Volver a casa


Sobre los abrazos en este momento histórico 


Hace poco más de una semana llegué de regreso a Lima. El taxi que me trajo del aeropuerto tomó la ruta de la Costa Verde y al ver el mar ante el crepúsculo sentí inmediatamente que había llegado a casa. En este brumoso e inusualmente frío diciembre todavía no he tenido excusa ni ocasión para meterme un chapuzón, pero el olor del Pacífico me ha recordado que mi larguísima ausencia ha terminado.  

Fue justamente un diciembre, hace veintisiete años, cuando me fui y este año, al volver, me he dado cuenta de que un pedazo mío nunca lo hizo en realidad. A pesar de todas las idas y vueltas, de las aventuras, las experiencias, las vivencias, los amores y dolores, mis raíces siguen profundamente enterradas en esta tierra y la casa de mi familia sigue siendo el lugar donde puedo guarecerme a la hora de la tormenta, entre la gente que más quiero.

Vivo en una calle bulliciosa, pero con un hermoso jardín interno donde los cantos de las aves amortiguan las bocinas y las construcciones. Desde aquí camino a casi todas partes, recorro las calles de mi juventud recordando cómo eran y notando los cambios, un proceso que deja en claro que, al igual que yo, la ciudad está viva y se transforma constantemente, siendo simultáneamente otra y la misma.

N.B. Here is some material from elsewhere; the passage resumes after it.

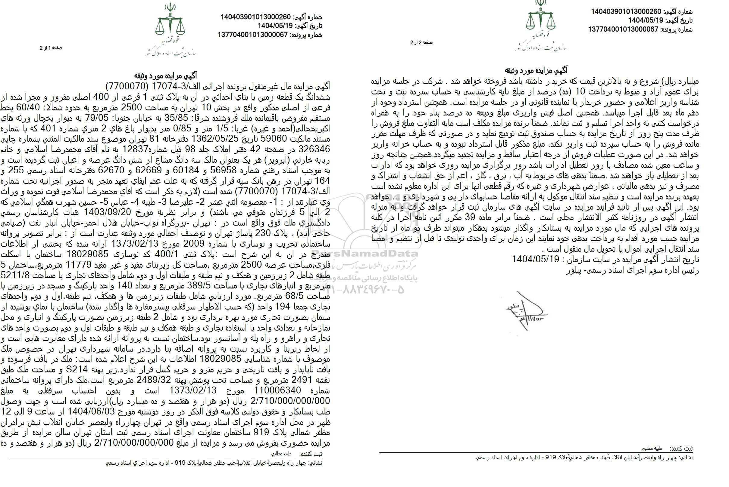 9 مزایده دستور فروش ملک مشاعی 9810687 1404/08/15 new not special not payed آذربایجان شرقی
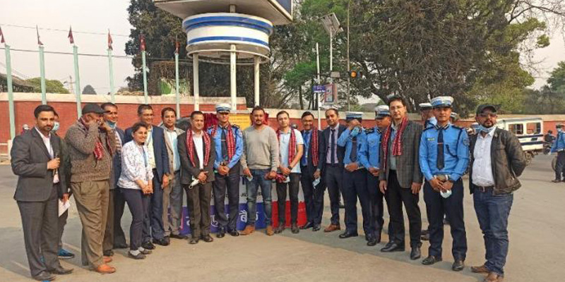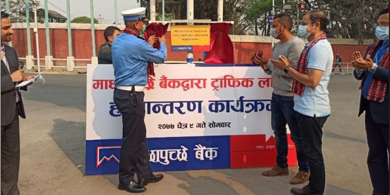 काठमाडौं । माछापुच्छ्रे बैंकले ट्राफिक व्यवस्थालाई सघाउने उद्देश्यले काठमाण्डौँको लैनचौर चोक तथा राष्ट्रपति निवाससँगै रहेको पुलिस एकेडेमी चोकमा ट्राफिक लाईट जडान गरिएको छ । सोमबार एक कार्यक्रमका बिच माछापुच्छ्रे बैंकका संचालक रोशन केसी र विश्व प्रकाश गौतमले उक्त ट्राफिक लाईट महानगरीय ट्राफिक प्रहरी महाशाखाका प्रहरी बरिष्ठ उपरिक्षक जनक भट्टराईलाई हस्तान्तरण गरे । सवारी आवागमनलाई सुरक्षित एंव व्यवस्थित बनाउने विश्वासका साथ बैंकले उक्त स्थानमा ट्राफिक लाईट जडान गरेको हो ।

Lima es una ciudad hostil. El tráfico es desordenado, las construcciones se tragan lo que alguna vez fueron hermosas casas; barrios que se encaraman encima del desierto y de los cerros, donde el esfuerzo se enfrenta diariamente a la precariedad. El polvo de este desierto en que no llueve casi nunca, y donde la humedad carcome, lo cubre todo de manera imperceptible.  

Pero para mí, más allá del mar, de las calles y de los edificios a los que les tengo más o menos cariño porque me recuerdan quién era cuando estuve en ellos, la ciudad es su gente. Reencontrarme con quienes quiero; pasar tiempo charlando, riendo, recordando a quienes ya no están; poder abrazarlos después de una ausencia tan larga y dolorosa ha sido especialmente importante y necesario.

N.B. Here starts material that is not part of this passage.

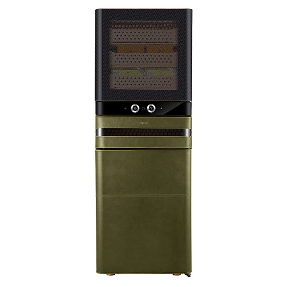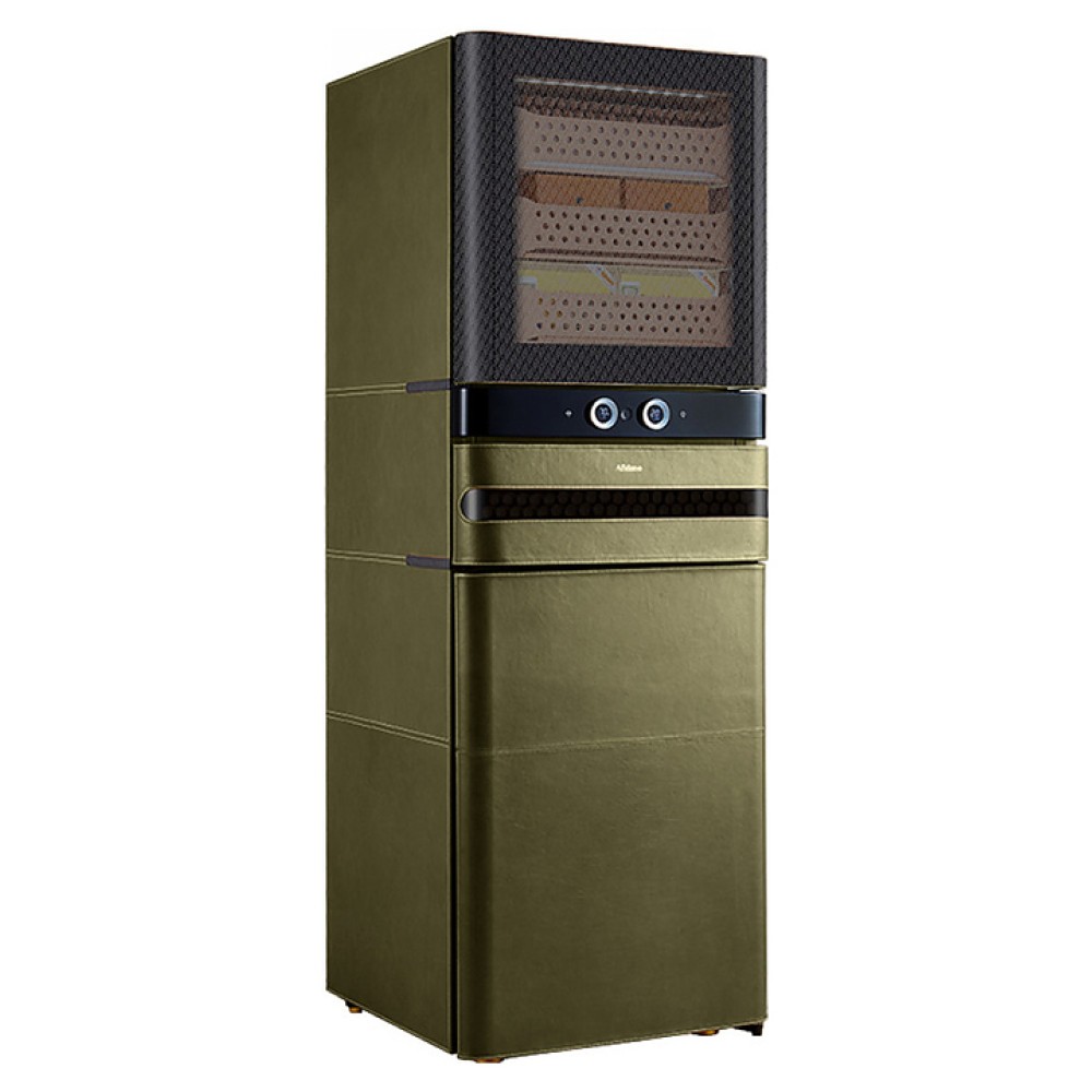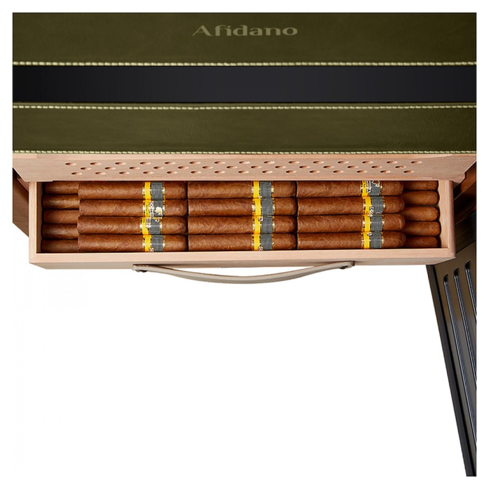 Шкаф Afidano L6 предназначен для хранения в оптимальных условиях и демонстрации сигар в специализированных магазинах, гостиницах, складских помещениях и домашних условиях. Модель оснащена 1 температурной зоной, 2 дверьми, 8 выдвижными ящиками, открытием отпечатком пальца, сенсорной панелью управления, утопленной ручкой, электронным термостатом и регулируемыми ножками. Цифровой гигрометр и внутренняя подсветка упрощают мониторинг и обзор содержимого. Корпус выполнен из стали, обшитой кожей, внутренняя отделка и ящики - из испанского кедра.

Esta pandemia nos ha robado muchas cosas, aparte de tantas vidas. A cada generación le ha privado de un tipo de experiencia particular y todos, como individuos y como colectivo, debemos buscar la manera de ir reconstruyendo todo lo que nos convierte en sociedad. La convivencia y el compartir es, sin duda, una parte muy importante de ello.

El jueves pasado, quienes participamos de Jugo de Caigua tuvimos finalmente nuestra primera reunión presencial. Yo no conocía en persona a nadie más que a Gustavo, pero más de un año de reuniones virtuales todas las semanas me habían otorgado la sensación de estar entre amigos de mucho tiempo. Extrañamos a Sharún, que no pudo sumarse esta vez, pero los demás tuvimos el placer de compartir, de reír, de bromear, de abrazarnos y de darnos cuenta de lo que hay detrás de la pantalla.

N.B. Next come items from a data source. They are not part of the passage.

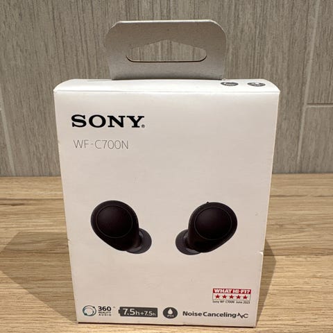 Sony WF-1000XM3 trådløse hodetelefoner med ladeetui. Hodetelefonene er sorte med røde detaljer og leveres med flere sett øreplugger i ulike størrelser for tilpasning.
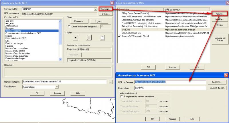 J'ai bien suivi le protocole redétaillé ici pour accéder aux données en flux WFS depuis Mapinfo V 10.5 mais une erreur "impossible d'établir une connexion avec le serveur " s'affiche dès le clic sur l'accès aux WFS.
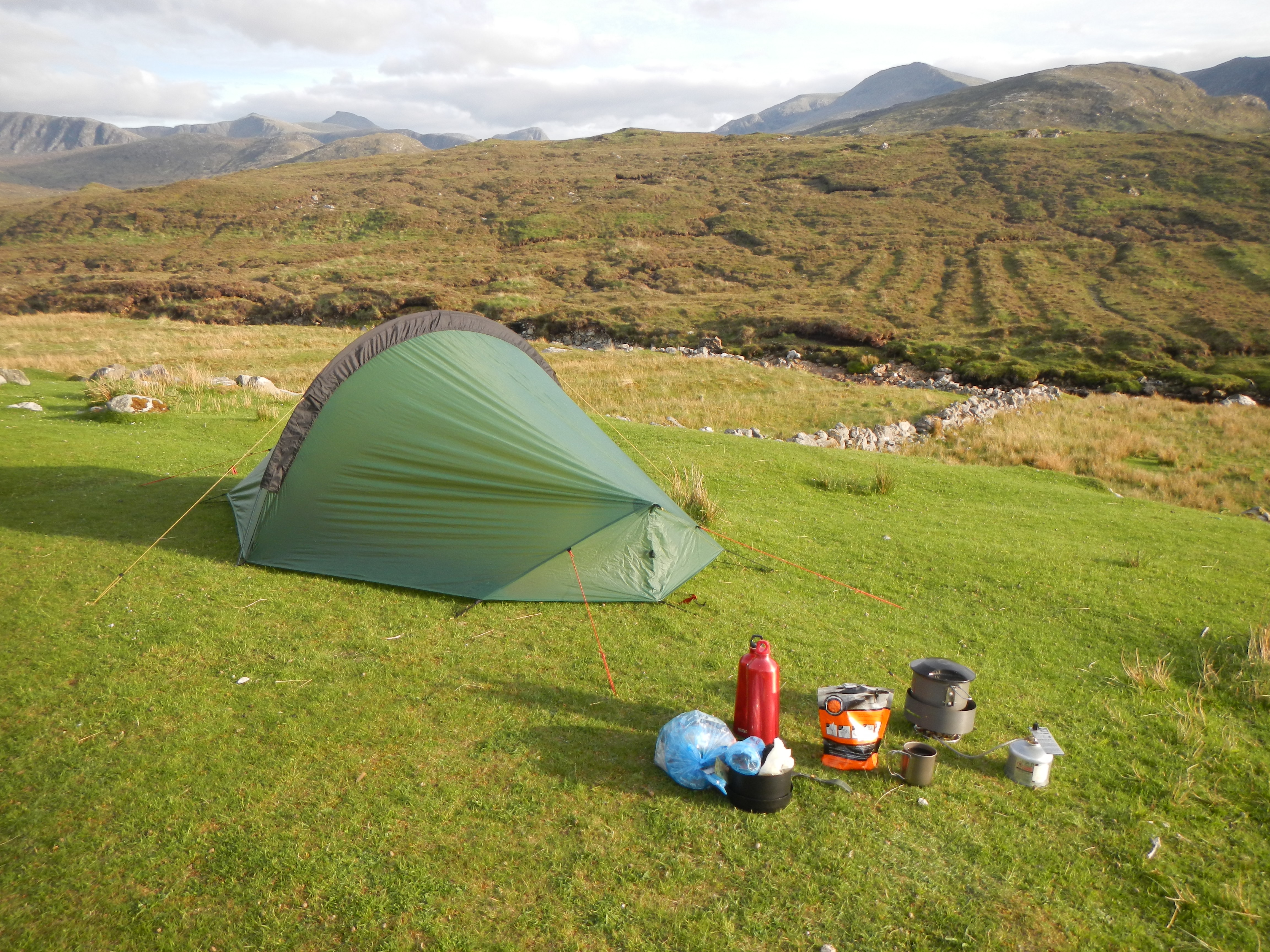 I use a gas stove and have two to choose from. The lightest weight option is a small burner and a titanium pot, but this is unstable and has no wind shield so it can waste fuel as well as tending to fall over. Usually I use a heavier but more stable alternative with a wind shield. The entire set packs together well although isn’t as compact as the small burner with pot. It can be used more easily if the ground isn’t flat and I can manage to operate it a foot or so outside the tent while I stay in the tent and lean out – useful in rain or if there are a lot of midges. The set lights with a piezo but I still carry matches and a lighter. These don’t weight much and it wouldn’t be great to be in the middle of nowhere with all the equipment but no means of lighting the gas.
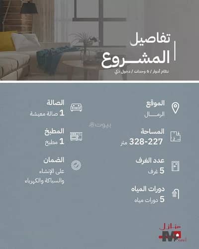 أدوار فاخرة للبيع بحي الرمالتعلن منازل العقارية عن بدأ البيع في مشروع أصل المعمار الواقع بحي الرمال الغربي عبارة عن أدوار مفصولة بمساحات متنوعة تناسب جميع الاحتياجات ويعتبر هذا المشروع خيارًا لمن يسعى لتجربة سكنية مريحة وعصرية . الأسعار تبدا من 895,000المميزات خزانات مياه مستقلة بعداد خاص موقع مميز قريب من الخدمات العامة بنية تحتية متكاملة في الموقع دخول ذكي سمارت هوم تأمين ملاذ تأسيس مصعد
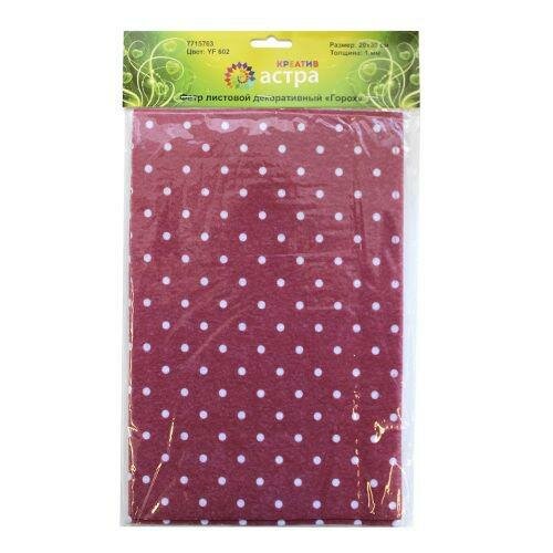 Фетр листовой декоративный "Горох" Астра 10мм 180 гр 20*30 см 5 шт/упак (YF 602 красный) (размер: 20х30 см)
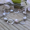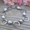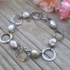 Grey Pearl & Hammered Circle Link Bracelet - Oxidized Sterling
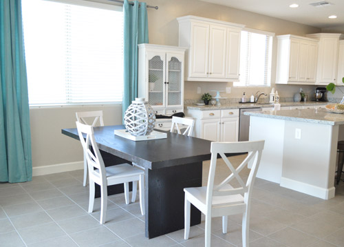 Here is a mishmash of furniture that won’t be staying in this space. I’m on the hunt for a round table that can seat six that doesn’t cost triple the mortgage. This is proving very impossible to find. Also, the teal curtains were an experiment, and not likely to be hanging around much longer. (Heh heh, see what I did there?)
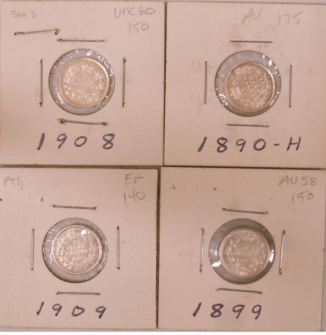 1890H, 1899, 1908 & 1909 5¢. Lot of 4 coins EF to AU.

La virtualidad nos ha permitido realizar muchas labores en estos años de pandemia y ha hecho posible que mantengamos los vínculos a pesar de la distancia. Nosotros creamos esta comunidad virtual donde podemos comunicarnos y eso es muy bueno. Pero a pesar de todas estas oportunidades, estrechar una mano o dar un abrazo es algo incomparable y algo que debemos agradecer siempre.

Si bien la pandemia no ha terminado y atestiguamos una nueva ola de contagios, temerosos de que las cosas se vuelvan a poner mal, el acceso a las vacunas ha cambiado la forma en que encaramos los retos de vivir en este momento histórico particular. Ya no somos los mismos que fuimos cuando celebramos la Navidad de 2019, pero ahora muchos podemos, por fin, volver a casa y abrazar a quienes queremos y tanto extrañamos.